Mayo 09, 2004

Lunes, 03 de mayo de 2004

Lunes, 03 de mayo de 2004
Es increíble con qué poco se hace la vida más fácil o más difícil o incluso un enojo, algo molesto. Yo trabajo en un colegio, soy profesor. Todos los lunes tenemos una reunión los miembros del Claustro a la que debemos acudir haya temas a tratar o no; pero, también los lunes, los alumnos que hayan cometido alguna pequeña falta durante la semana precedente deben cumplir un castigo que consiste en pasar dos horas (de cinco y media a siete y media) encerrados en un aula con un profesor que les vigile. Con esto se consiguen dos cosas:

1) Que cada semana un profesor se pierda una reunión del Claustro, por lo que no se entiende que tengamos que acudir siempre todos los demás (si uno se la va a perder, ¿por qué no los otros?). Normalmente no se tratan temas de importancia; pero a veces sí. Y
2) Que los alumnos castigados pasen dos horas encerrados en un aula perdiendo el tiempo que muy bien podrían perder en la calle o en casa (los castigados rara vez son quienes van al colegio a aprovechar el tiempo).
Pues resulta que hoy me tocaba a mí ser ese profesor. He vigilado un examen de recuperación y a un alumno de 4º que el otro día llegó tarde a clase. Bien. Acabadas las dos horas interminables que he matado releyendo a Suetonio (Vida de Julio César) y leyendo letras inconclusas de J. R. R. Tolkien, a quien admiro, despido al castigado y me dirijo a la sala de profesores en la que había dejado mis cosas. Pero está cerrada. Voy entonces a la entrada del Colegio, busco a alguna monja poderosa que pueda abrirme pero no encuentro a ninguna. Ya en la entrada del patio, por donde entran los alumnos, hallo a alguien: una mujer, laica, que vigila la entrada y resuelve si puede los problemas que surjan o da las informaciones que se requieran, si las tiene. Ella no tiene la llave; llama a las monjas; alguien le dice que están reunidas y que bajo ningún concepto pueden abandonar el conciliábulo; ella insiste en que será cuestión de tres minutos; más negativas; cuelga. Me informa de que, según le han dicho, tardarán una media hora o tres cuartos; no entiendo nada. Explico que he de irme a casa, de que tengo que entrar en la sala de marras para recuperar mis cosas; es imposible: ella no tiene la llave y, aunque la tuviera, no podría ir a abrirme (alguien debe quedarse en la puerta del patio por si entra Jack el Destripador) ni prestármela (está prohibidísimo).
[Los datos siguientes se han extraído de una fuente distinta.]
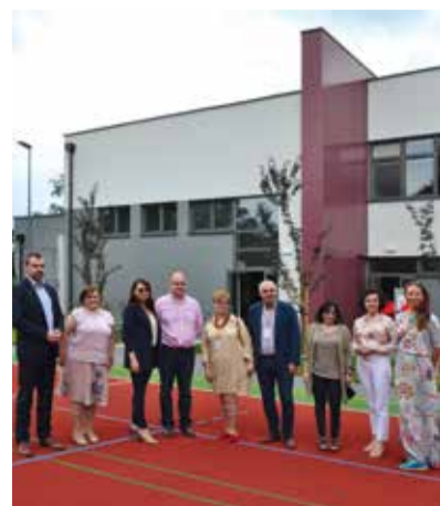
Goście nowego obiektu oświatowego w Wawrze na jego sportowo rekreacyjnym terenie

uczniów, głównie z Wawra. Placówka ta jest na wskroś nowoczesna, posiada pracownię do terapii i zajęć z integracji sensorycznej, gabinety pedagogiczny, logopedyczny, pielęgniarski, zespół boisk, siłownię.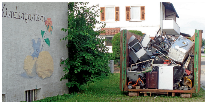
Der Container füllt sich

Im Namen unserer Kinder und des Erzieherenteams ein herzliches Dankeschön. Dieser Dank geht an alle Spender, alle Helfer und an alle, die sich mit uns verbunden fühlen und uns unterstützen.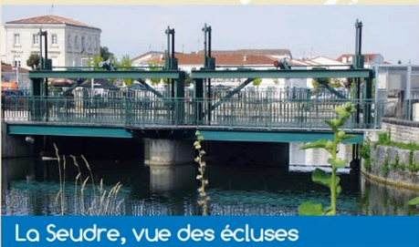
La Seudre, vue des écluses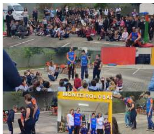
TROCA DE EXPERIÊNCIAS E VIVÊNCIAS NO CEI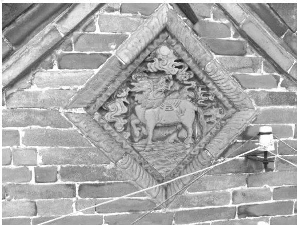
图一一 李贵乾西院门楼山墙砖雕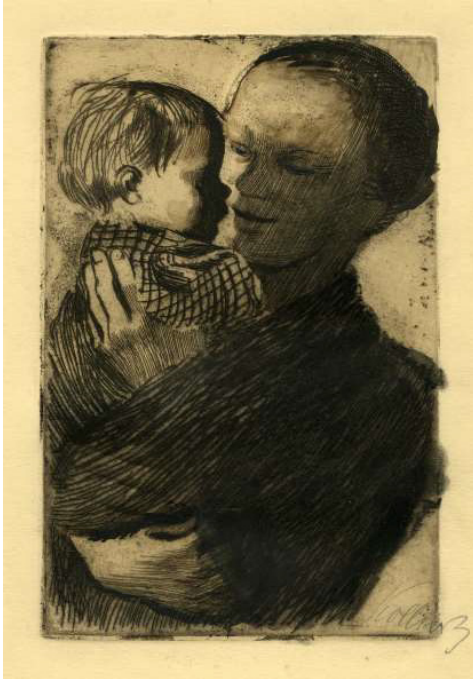
Resim 12: (Sol) Käthe Kollwitz, “Anne ve Kollarında Çocuğu”, gravür, 1910.

“Kathe Kollwitz. Bu isim annelerin güçlü imajını çağrıştırıyor. Çocukarı, insanlar arasındaki sosyal dayanışmayı, sosyal adeletsizliğe karşı protestoyu ve acıyı” (Prelinger, 1992, s.13). İki çocuk sahibi olan ve birini genç yaşta kaybeden Kathe Kollwitz, anneler ve çocuklar üzerine onlarca resim, litografi ve heykel yapmıştır. Yaşadığı evlat ve torun kaybının acısını hayatı boyunca hiç azalmadan yaşayan sanatçı, bu temayı belki de bir katharsis gibi deflarca farklı şekillerde yinelemiştir. Dönemin koşullarının baskın etkisiyle, çoğunlukla acı ve keder içeren bu resimlerden sadece bir kaçı kucağında sağlıklı bebeğiyle mutlu bir anneyi tasvir eder. (Resim 12)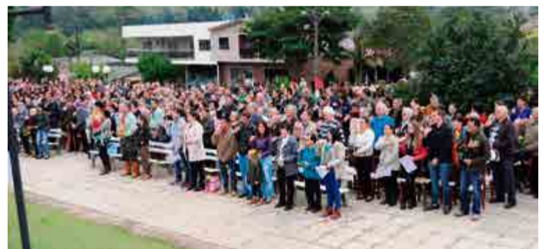
Centenas de pessoas acompanharam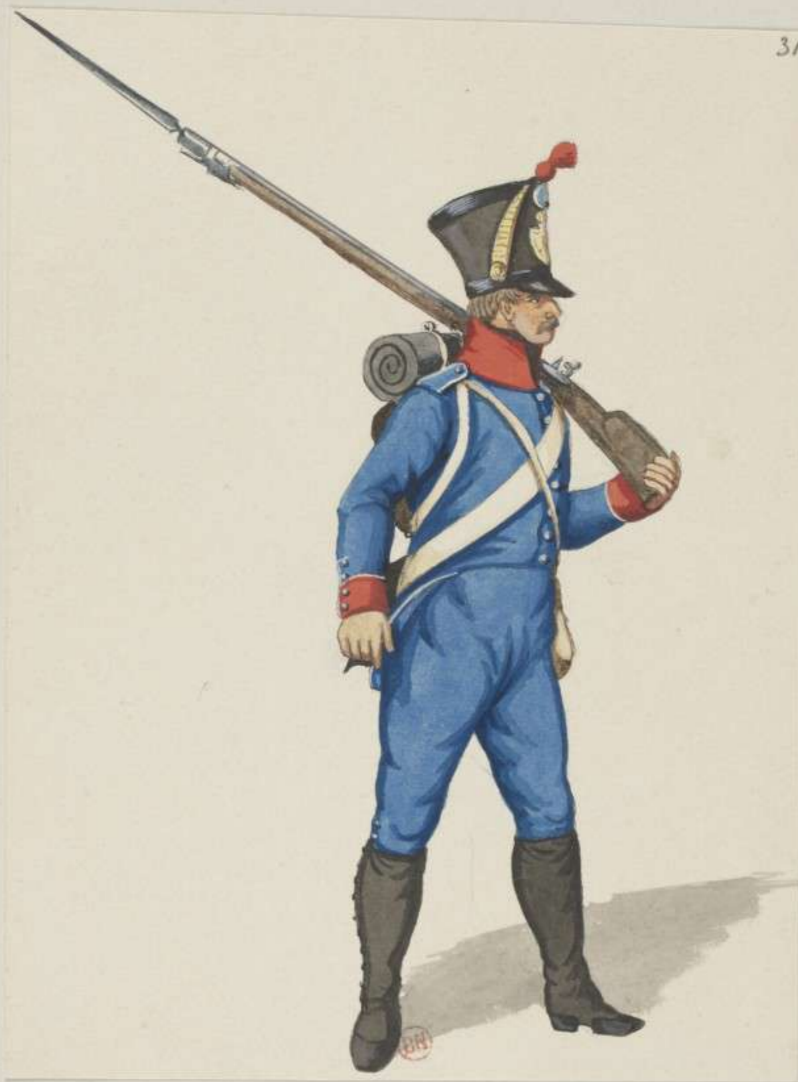
31 o - Baierische Mobile Legion - 1814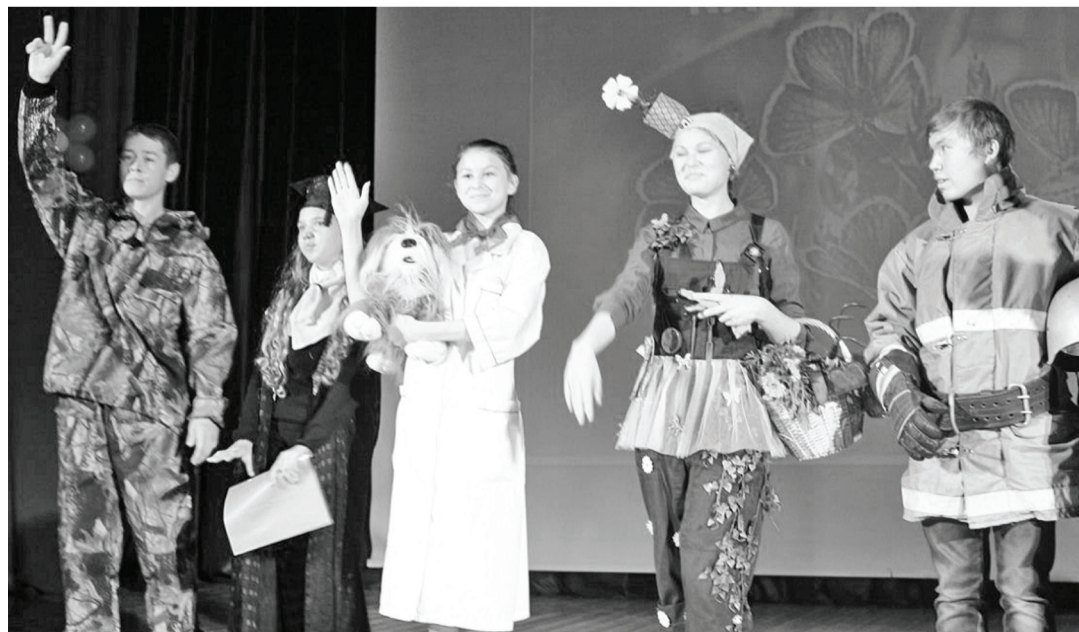
Парад-дефиле рабочих профессий на закрытии «Трудового лета-2015».

Елизавета ФОМИНЦЕВА, Михаил ПЕТЕЛИН (фото)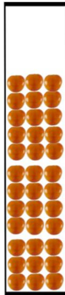
Gambar 1. Penyusunan buah tomat dalam 1 kotak pengujian

Alat yang digunakan dalam penelitian ini yaitu alat penggetar " shieve shaker ", digimatic caliper , tempat penyimpanan buah tomat dengan ukuran 16x18x75cm, timbangan digital dan alat tulis. Bahan yang digunakan dalam penelitian ini yaitu buah tomat skala turning dengan warna kulit buah hijau kekuningan sebanyak 50kg. Buah tomat disusun dalam masing-masing kotak dengan waktu penggetaran yang berbeda.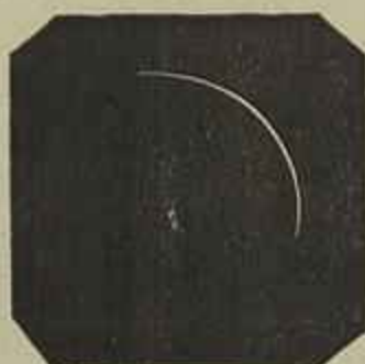
Braga, 3 horas e 25 m. maximo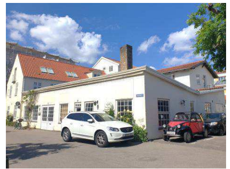
Eksisterende bygninger på Wilders Plads 9 set fra syd. Bygningen i forgrunden (nr. 9B, 9C og 9D) nedrives og de højere bygninger i baggrunden (9A, 9E, 9F og 9G) bevares.

De to byggefelter har en markant større grundplan end de øvrige mindre bygninger mod nordvest, hvor bygninger mod nordøst er markant større end byggefelterne. Udfordringen bliver at tilpasse nybyggeri skalamæssigt til stedet (højde, omfang udtryk og detaljering) så det på en naturlig måde indgår i det sammensatte område og samtidig er en naturlig overgang til de overordnede byrum langs Christianshavns kanal og Wilders Kanal.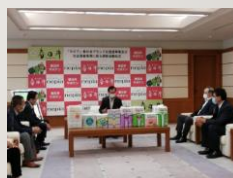
ネピア寄付金贈呈式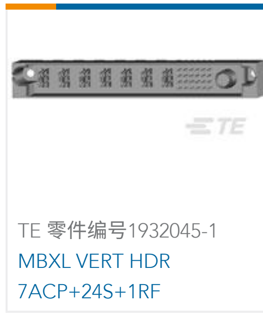
TE 零件编号1932045-1 MBXL VERT HDR 7ACP+24S+1RF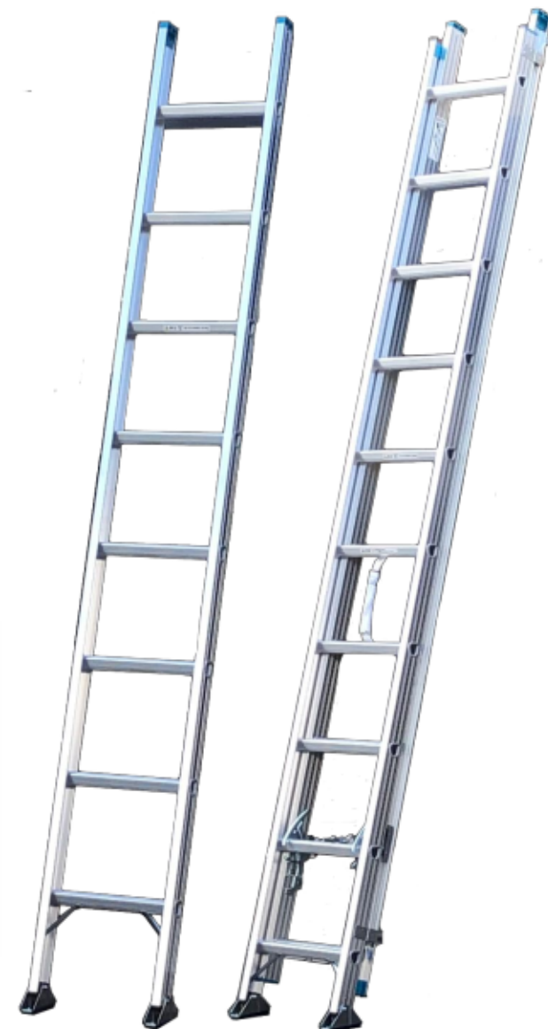
1連はしご 2連はしご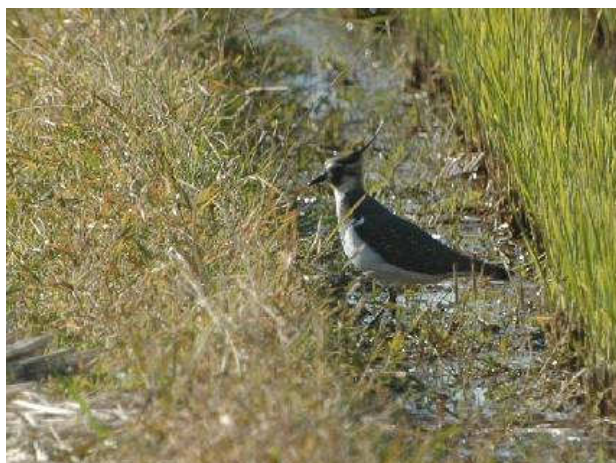
写真①：寒川高校付近（12月8日観察）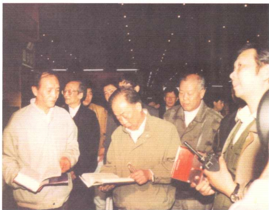
1992年5月，中共天津市委副书记、市长聂壁初（中），在市委宣传部部长谢国祥（左2）、市新闻出版局领导郝志崇（右2）、陈旭（左1）陪同下，参观'92天津图书音像交易会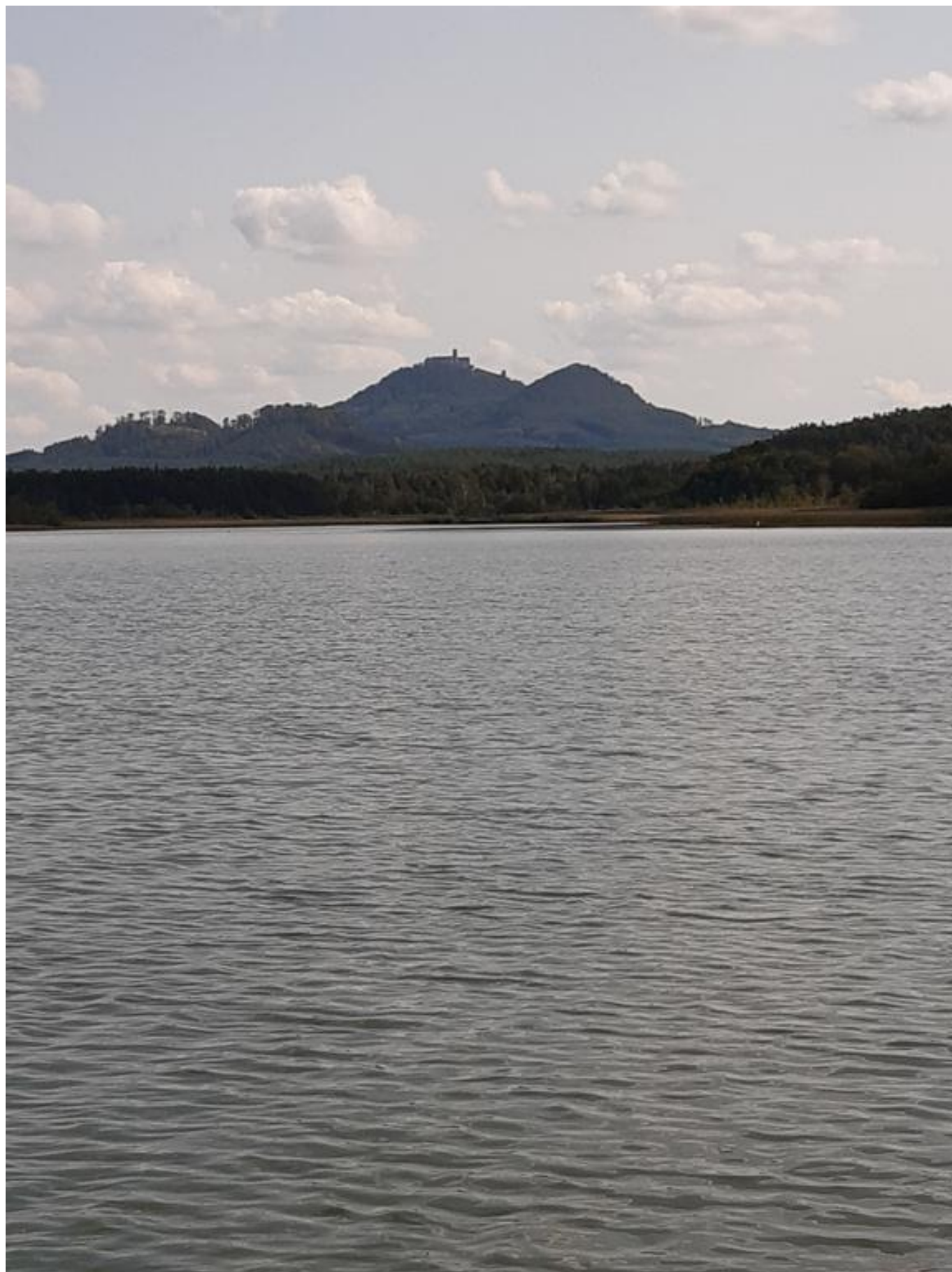
[9] Bezděz z vodní plochy Máchova jezera

Esperar o no; tirar mi tiempo porque la Directora es así de obtusa o no. Me decido por lo segundo; me voy a casa sin mi abrigo, sin mi DNI, sin el bonobús que ya he pagado. Llego a casa muerto de frío, me pongo a escribir, qué mal humor me sale. Qué fácil es hacer la vida más sencilla, o más, mucho más complicada.